И джигиты, окружив Чиграя, двинулись в сторону холма Кзыл-Жар. Поднявшись на холм, джатаки увидели зыбкое облако пыли над трактом, а через мгновенье — и кавалькаду всадников, стремительно мчавшихся в развернутом строю на аул с обнаженными саблями. Жаркое солнце, дробясь, искрилось в клинках. Земля гудела, как барабан, под дробными ударами тяжелых некованых конских копыт. Заметив столпившихся на холме кочевников, вахмистр Дробышев взмахом сабли подал казакам сигнал спешиться. И всадники, как сдутые ветром с седел, передав лошадей коноводам, тотчас же окружили джатаков. Вогнав свой клинок в ножны, вахмистр Дробышев, угрожающе размахивая плетью, подскочил к прямому и неподвижному Чиграю, заорав во всю глотку на него:
— Ты здесь за старшего?
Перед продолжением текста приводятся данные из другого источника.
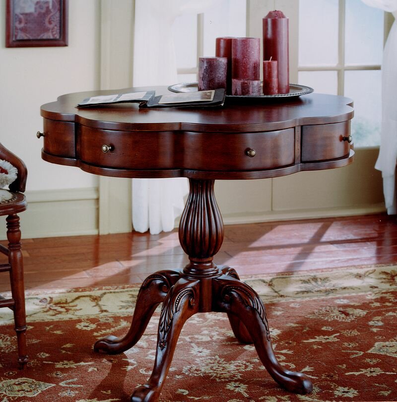 Selected hardwoods and choice veneers. Hand carved details. Veneer inlay top with end grain border. Two working drawers. Antique brass finished hardware. Some Minor Assembly Required. Ships via Freight Truck

Отвечай кратко, где наши кони?
И Чиграй, протянув вперед руку, сказал:
— Не кричи, атаман. Я скажу тебе правду. Лошадей ваших надо искать в ауле Альтия.
— Врет он, кобель!— крикнул фон-барон Пикушкин.
— Я стар, и мне незачем говорить неправду. Не джатаки — джигиты Альтия угнали ваших коней, казаки,— вновь прозвучал твердый и четкий голос слепого Чиграя.
Но станичники закричали, перебивая один другого:
— Не верьте ему, собаке!
— Тоже мне, валит с больной головы на здоровую...
— У Альтия свои табуны — степи ломятся.
— Альтий своим косякам счету не знат.
— Да ить он первейший мой друг, мой тамыр. Рази мысленно это дело — клепать на такого киргиза?!— кричал, колотя себя в грудь, фон-барон Пикушкин.
— Што там на их смотреть, воспода станишники. Бей конокрадов!
— Пустите меня, я ему дам по харе!— брызгая слюной, задыхался от крика, прорываясь к неподвижно стоящему на холме слепому Чиграю, приемный сын фон-барона Терентий Пикушкин.
Вдруг где-то совсем рядом прогрохотал выстрел. Это укрывшийся в прибрежной осоке Садвакас, для того чтобы отвлечь внимание озверевших казаков от зажатых в кольцо беспомощных и перепуганных джатаков, решил дать выстрел из дробовика и достиг своей цели. Казаки, окружившие пастухов и уже готовые было ринуться на них с обнаженными саблями и плетьми, опешили.
— Братцы, ить это по нам лупят! — крикнул вахмистр Дробышев и ринулся со всех ног к лошадям, порученным коноводам. Следом за вахмистром бросились казаки.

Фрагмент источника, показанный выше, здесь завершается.